Он кушак отвезал сейчас от себя, да в переднем углу на спичу и повесил, и шапку снял на спичу и весит. Как шапку-то клал на спичу, девича и перекрестилась, глаза отворила, а уж негде некого и нет, а кушак-от осталса на спице, веснет. Девица высмотрела его всего, в сундук и убрала. А у мужика и кушак потерялса, она и помалчиват; кабы ей любой был, дак она бы сказала подружкам. Через сколько времени мужик посваталса, ей и не хотелось, а родители отдали, тогда она мужу кушакот и показала. («Сборник Скоморощины»).
Пропавший молодой
В одном прекрасном мисти, у отца у матери был единственный сын, был вырощон 25 лет. Надумали его женить, прибрали невесту с своей деревни. Вот хорошо. И женили его, и прошли столы, пиры, как следует; ува-лились они на чесной спокой в отдельной чулан. И приходит к дверям крестовой брат и постучал у дверей. Молодой человек услыхал: «Што за народ?»

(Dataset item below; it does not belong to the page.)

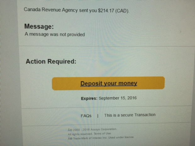 CBC记者Yvonne Colbert报道说,去年9月初,布莱德利通过电邮收到“加拿大税务局”的一笔电子转账退税。他不疑有诈,选择了把钱存入账户(Deposit your money)。一个多月后,他发现有人从他的账户里转走了3000加元。他立刻给银行客服打电话,对方表示会马上处理。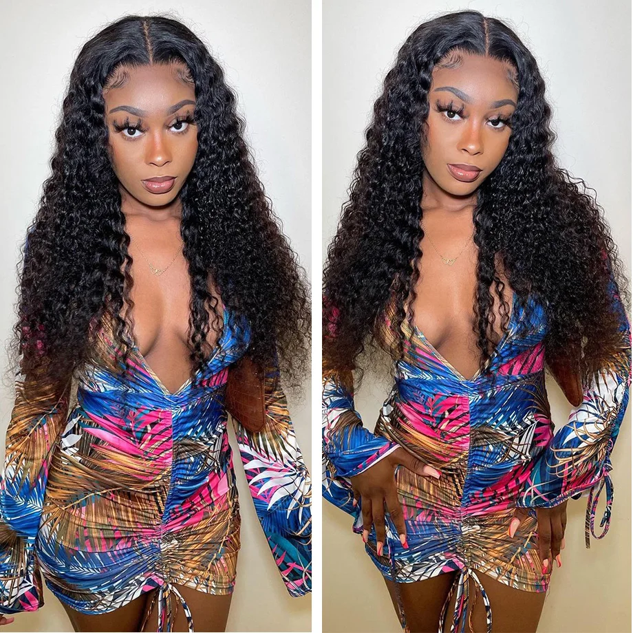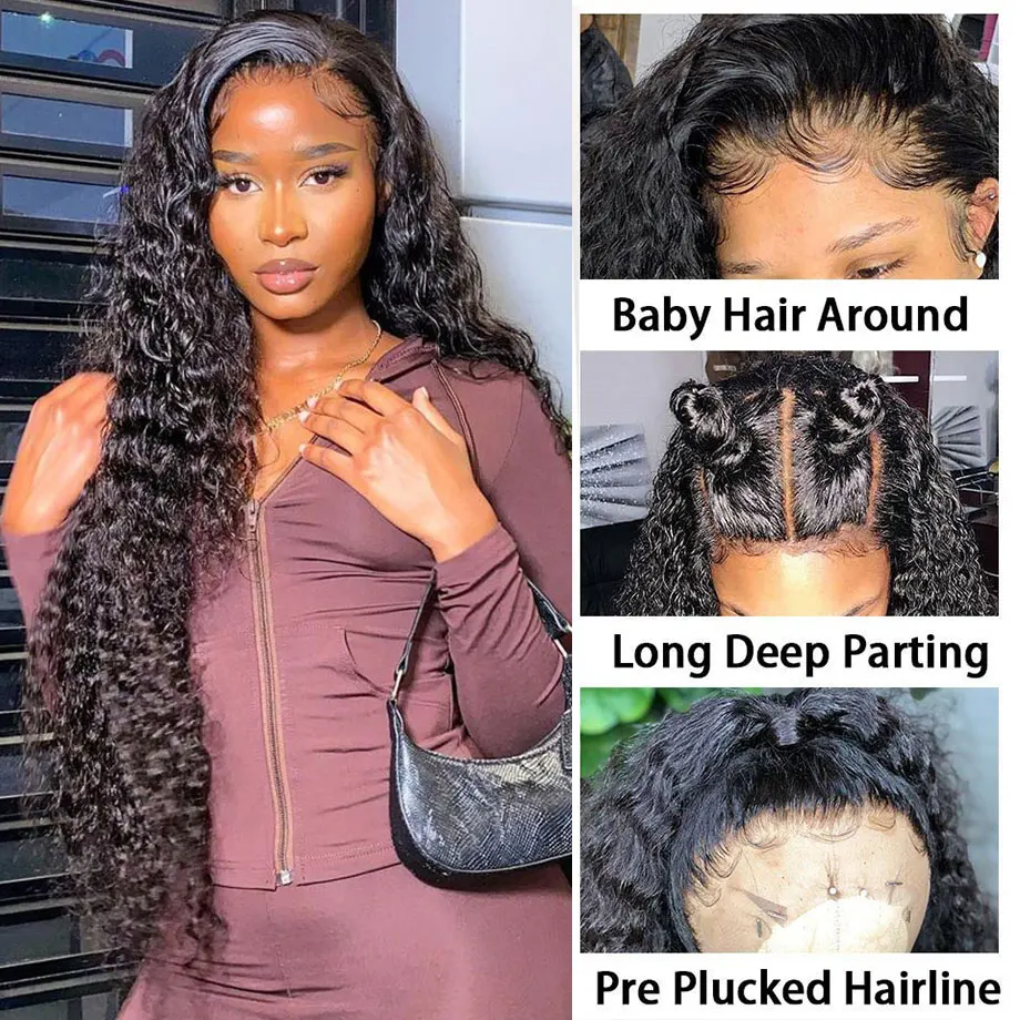 Парик 13x 4 на сетке спереди, парик из вьющихся человеческих волос, бразильский парик с глубокой волной, предварительно выщипанный парик для женщин, расплавленные прозрачные парики на сетке спереди

Отвечал крестовой братец: «Нельзя-ли вытти». Заговорит он и раздумали со своей молодой: «Выдти мне-ка, али нет». Посоветовала ему молодая жена идти: «Это не долго время, – слово дать, а друго взять, этого времени не много». Слиз он с кровати, отворил немножко двери и сдернуло его в сени. По утру приходят будить молодых, молода спит одна. «Где-же у тебя молодой?» – «Увел крестовой брат».
Сходили к крестовому брату, там вовсе его нет; обратили внимание в зад; потерялся молодой. Но долго продлилось время: три года молодого ищут, – нет; молода живет при доме у родителей, у чужих. В одно прикрасное время, в холодну осенную ночь приходит к им странный человек; сидят они беседуют и запевают они писню с этим с богоданныим со свекром. Доспрашивал у их проходящий человек: «Што хозяин, дочь ли тебе, али невестка?» Отвечал странному человеку хозяин: «Женщина мне чужа, по закону мне невестка. Был у меня поженен сын – потерялся на первом подлеге и нигде найти не можем; ноне его поминаем».
Странный человек отвечал, што «живых поминать не нужно, а нужно их поискать». Взял хозяин смекалу. Поутру угостили страннаго человека хорошо, попросили его со слезами, наказ сделал странный человек, што «Ты хозяин обрати внимание, што за 10 верст отсюдова есть у вас рыболовное озеро, у озера хорошая фатерка, в фатерке печка пекарня; захвати хлеба иди туда, протопи немножко печку и зайди в эфту печку, прикройся заслонкой и свидишь своего сына и справишь дело». Хозяин шел к рыболовному озеру, протопил эфту фатерку и зашел в эфтую печку, прикрылся он заслонкой.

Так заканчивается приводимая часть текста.